Two Types of Harnesses¶
Eval Harnesses¶
Frameworks for evaluating AI model performance systematically. Examples: OpenAI Evals, LangChain Benchmarks, Anthropic's evaluation frameworks. These measure accuracy, safety, and capability across standardized tasks.
Agent Harnesses¶
Frameworks for running AI agents in production. The focus is on reliability, safety, and repeatability. Examples: LangGraph, AutoGPT, Anthropic's reference harness.

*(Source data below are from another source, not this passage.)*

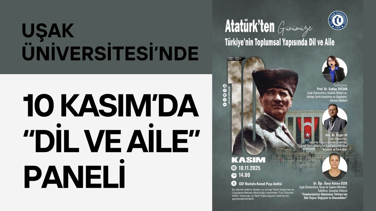Uşak Üniversitesi, 10 Kasım Atatürk’ü Anma Günü’nde anlamlı bir etkinliğe ev sahipliği yapacak. Atatürk İlkeleri ve İnkılap Tarihi Araştırma ve Uygulama Merkezi tarafından düzenlenen “Atatürk’ten Günümüze Türkiye’nin Toplumsal Yapısında Dil ve Aile” başlıklı panel, GSF Mustafa Kemal Paşa Amfisi’nde saat 14.00’te gerçekleştirilecek.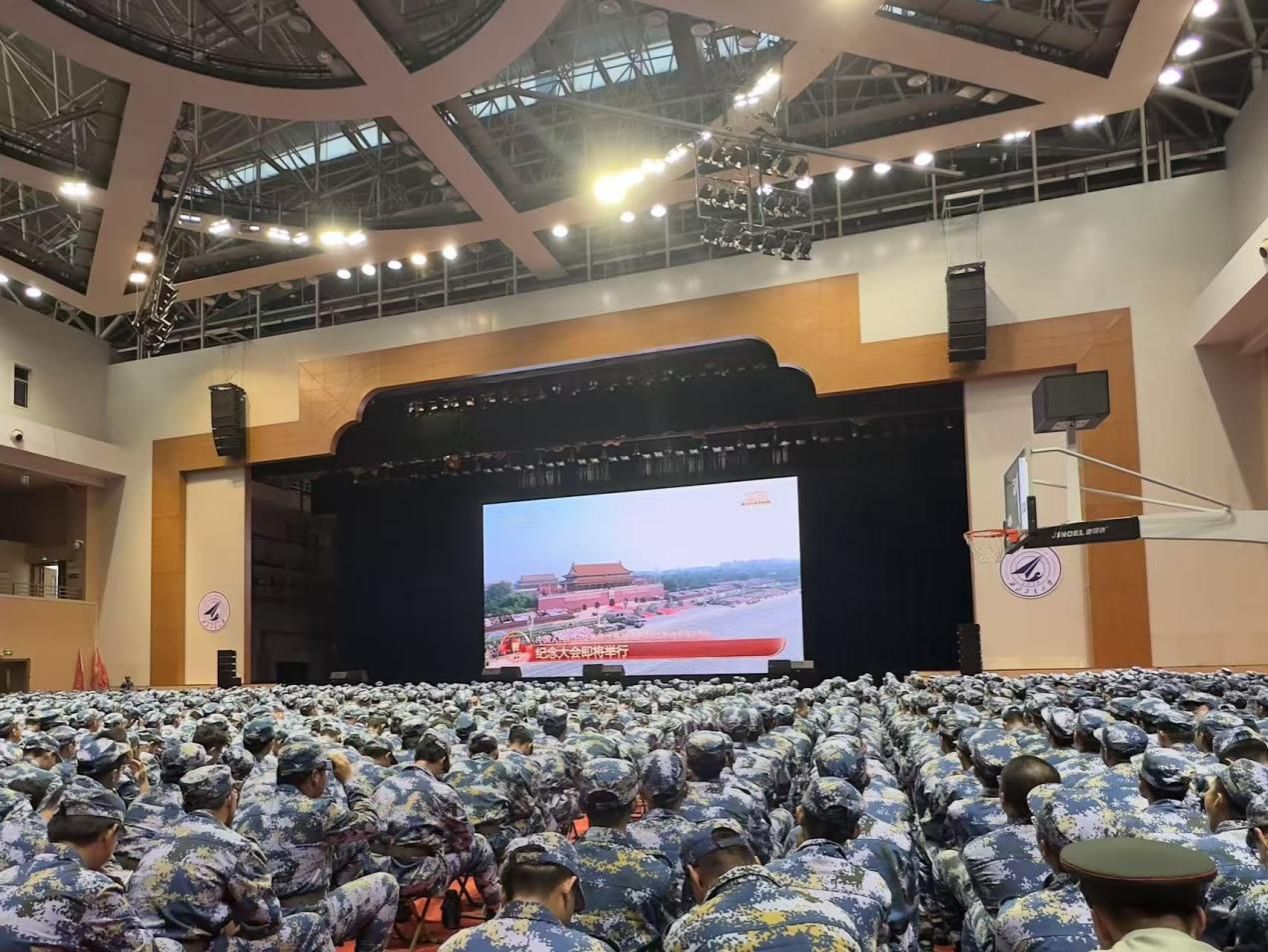 2025级本科生随军训师在翱翔体育馆集中观看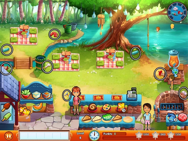 - Bediene 3x 3 Kinder hintereinander - wenn du also Kinder hast, bediene sie und ziehe sie den anderen Kunden vor. Gezählt werden die Kinder - ein 3-er-Tisch besteht ebenfalls aus 3 Kindern. Du brauchst das Geld, um das 3-Sterne-Ziel zu erreichen und musst zusätzlich alles an Boni mitnehmen, was nur geht.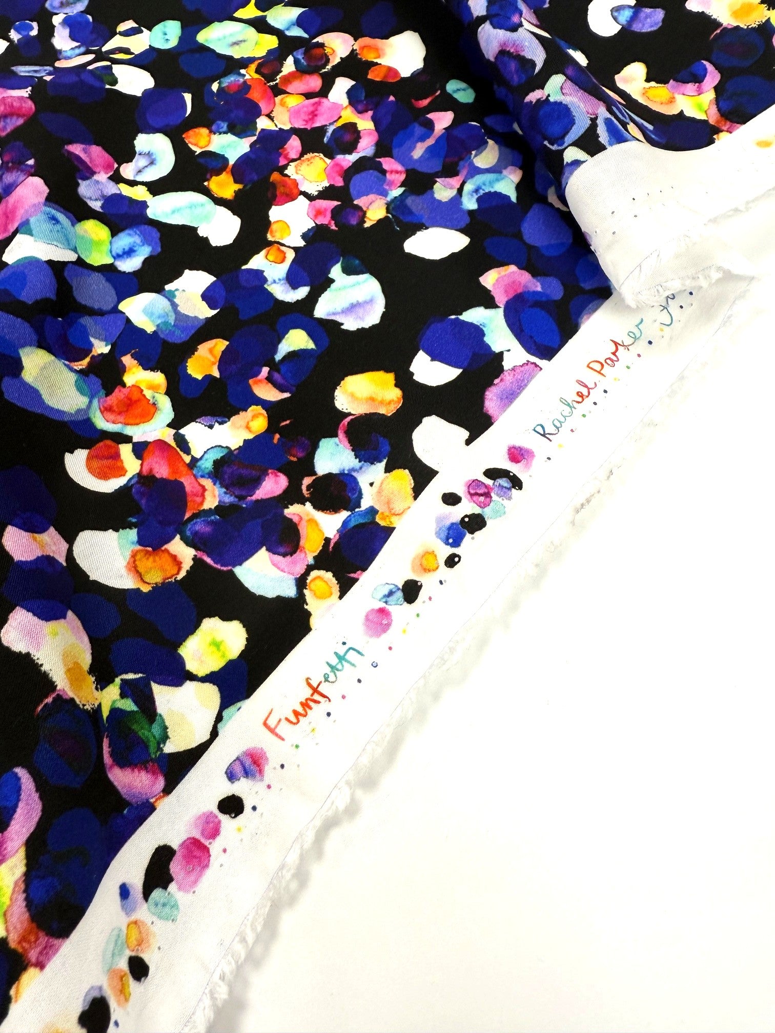 It is a FUN print featuring a CONFETTI inspired print made up of gorgeous sunny colours. Hense how we came up with the name FUNFETTI.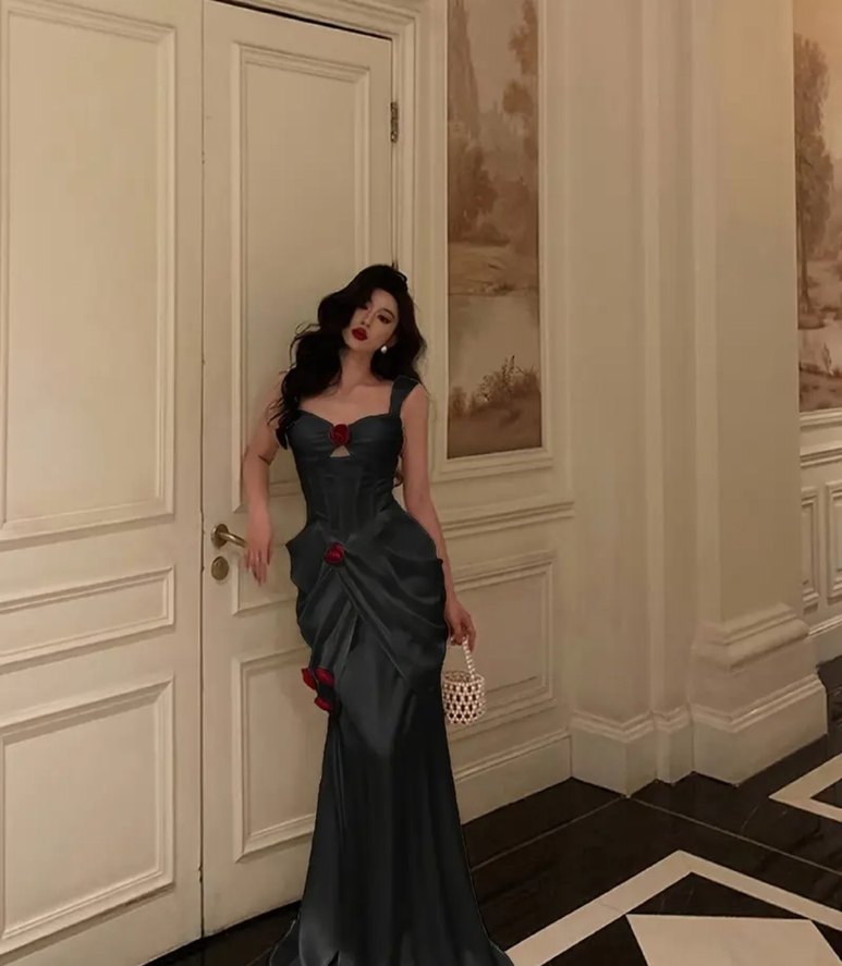 Siyah, drapeli ve nakış detaylı, straplez ve ince askılı uzun elbise. Bu ilanı satın alabilirsiniz ☺️

Key Insight: Extract Determinism from the Model¶
The central engineering insight: move as much determinism as possible out of the stochastic model and into the deterministic harness.
- Tool definitions should be static and versioned
- Control flow should be explicit and auditable
- State transitions should follow defined patterns
- The harness itself should be unit-testable
- All the stochasticity (creativity, variation) lives in the agent, not the scaffolding
Design Principles for Building Great Harnesses¶
- Fail fast, fail gracefully — Explicit timeouts, immediate error surfacing, circuit breakers, fallback behaviors
- Deterministic scaffolding, stochastic agents — The harness is predictable, the model is creative
- Observability by default — Every tool call logged, reasoning traces stored, real-time dashboards
- Principle of least privilege — Granular permissions, scoped credentials, human gates for high-risk actions
- Idempotency where possible — Safe to retry, deduplication, execution ID tracking
- State is explicit, not implicit — Durable storage, versioned state, clean serialization
Common Failure Modes¶
| Failure Mode | Description | Solution |
|---|---|---|
| Infinite Loop Trap | Repeated identical tool calls | Loop detection, max step limits |
| Context Window Overload | History grows unbounded | Sliding window summarization |
| Tool Confusion | Wrong tool called | Clear descriptions, validation layers |
| Silent Failure | Tool fails, agent doesn't notice | Mandatory error acknowledgment |
| Prompt Injection | User input overwrites system prompt | Input sanitization, output validation |
| Frankenstein Agent | Patched beyond comprehension | Architectural discipline from day one |
How Harness Design Affects Performance¶
- Accuracy: Structured data access + validation steps reduce hallucination
- Reliability: Edge case handling + failure recovery without human intervention
- Efficiency: Caching + parallel tool calls + smart context management
- Safety: Access controls + pattern detection + emergency stop
- Scalability: Modular tool design + multi-instance support + monitoring integration
Key Takeaways¶
- The harness is infrastructure, not magic. Building a good harness requires software engineering discipline, not prompt engineering tricks.
- Start simple, then layer. Begin with the minimal harness that solves your problem.
- Test everything. Unit tests, integration tests, end-to-end tests. Treat it like production software.
- Monitor aggressively. You cannot improve what you cannot measure.
- Design for failure. Assume tools will fail, networks will be slow, and models will hallucinate.
- GPT-3.5 + strong harness > raw GPT-4. The model matters less than what you build around it.
References¶
- Anthropic's Defending Code Reference Harness — Reference implementation demonstrating harness patterns
- LangChain / LangGraph — Popular frameworks for building agent harnesses
- OpenAI Function Calling / Tool Use — API-level infrastructure for harness building
- "ReAct" (Yao et al., 2022) — The reasoning-acting loop foundation
- "Toolformer" (Schick et al., 2023) — How models learn to use tools
These lecture notes summarize and expand upon Tejas Kumar's talk on harnesses in AI. The views expressed are those of the speaker and do not necessarily reflect the position of IBM.